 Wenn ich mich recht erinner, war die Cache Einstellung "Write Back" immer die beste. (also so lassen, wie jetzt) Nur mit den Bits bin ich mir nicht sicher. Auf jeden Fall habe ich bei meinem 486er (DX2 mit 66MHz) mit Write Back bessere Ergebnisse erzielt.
...
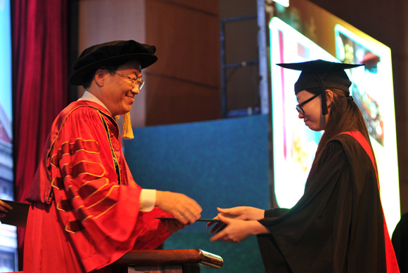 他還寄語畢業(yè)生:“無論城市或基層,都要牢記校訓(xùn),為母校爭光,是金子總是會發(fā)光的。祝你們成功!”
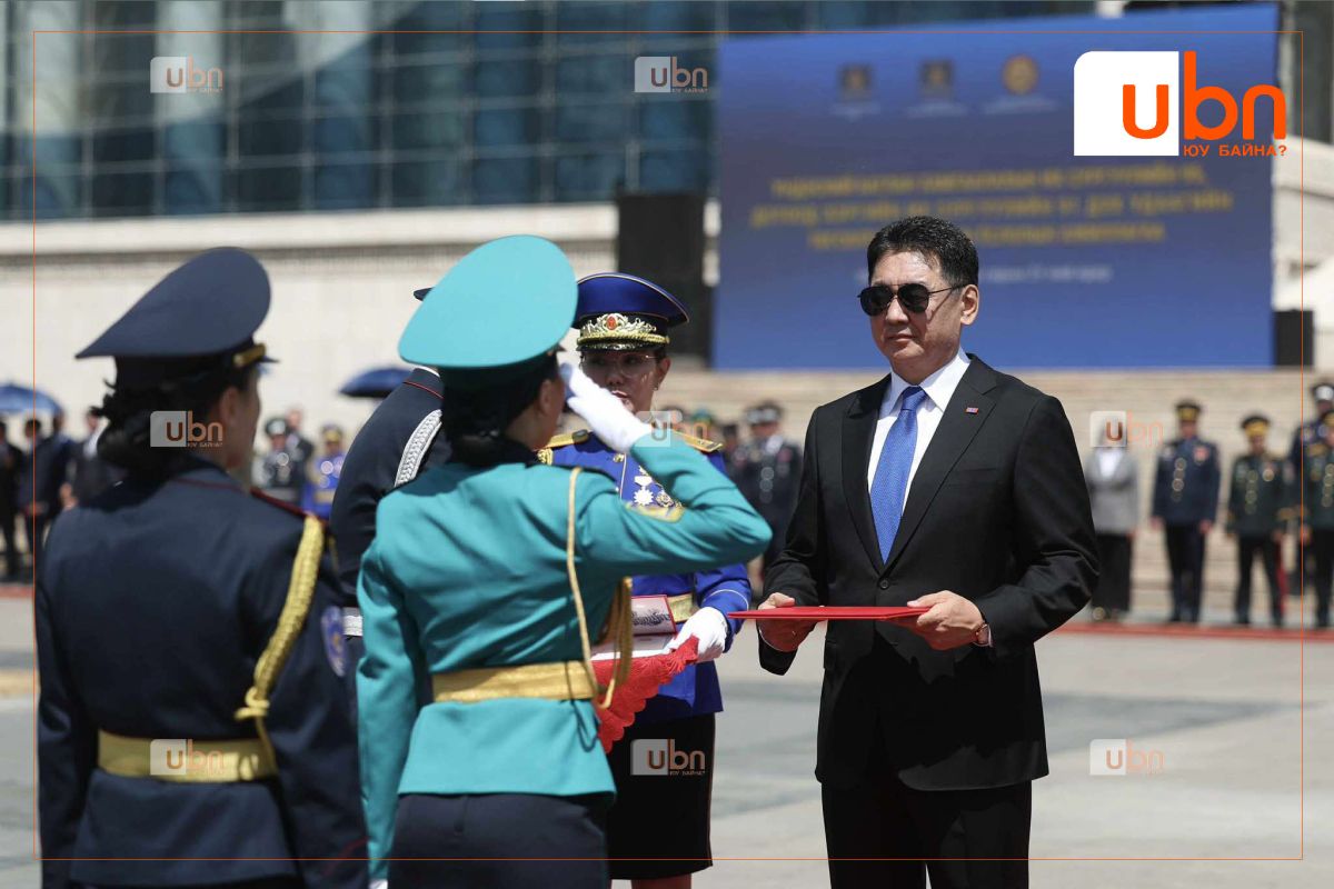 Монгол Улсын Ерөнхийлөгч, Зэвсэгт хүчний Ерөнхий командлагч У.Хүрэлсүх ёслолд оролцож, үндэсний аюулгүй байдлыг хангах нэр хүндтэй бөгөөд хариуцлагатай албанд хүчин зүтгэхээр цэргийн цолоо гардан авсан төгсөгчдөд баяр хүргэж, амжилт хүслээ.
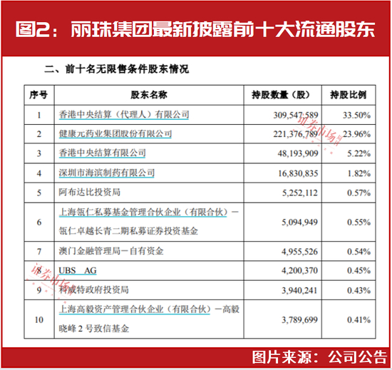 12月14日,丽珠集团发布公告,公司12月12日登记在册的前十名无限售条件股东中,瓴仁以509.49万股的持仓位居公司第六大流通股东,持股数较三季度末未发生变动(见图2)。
==
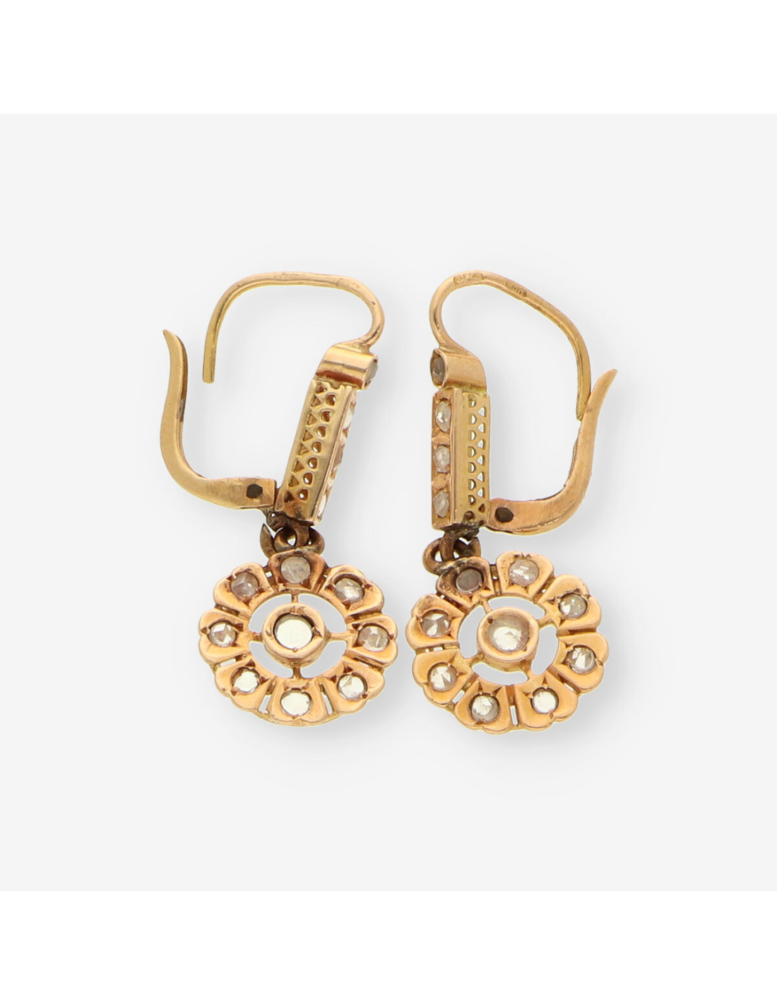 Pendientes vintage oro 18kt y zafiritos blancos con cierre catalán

__What is expected__
Each line between the one holding "Монгол Улсын Ерөнхийлөгч, Зэвсэгт" and the one holding "12月14日,丽珠集团发布公", inclusive, should be copied exactly as it appears above, and pictures should be omitted.

__Expected answer__
 Монгол Улсын Ерөнхийлөгч, Зэвсэгт хүчний Ерөнхий командлагч У.Хүрэлсүх ёслолд оролцож, үндэсний аюулгүй байдлыг хангах нэр хүндтэй бөгөөд хариуцлагатай албанд хүчин зүтгэхээр цэргийн цолоо гардан авсан төгсөгчдөд баяр хүргэж, амжилт хүслээ.
 12月14日,丽珠集团发布公告,公司12月12日登记在册的前十名无限售条件股东中,瓴仁以509.49万股的持仓位居公司第六大流通股东,持股数较三季度末未发生变动(见图2)。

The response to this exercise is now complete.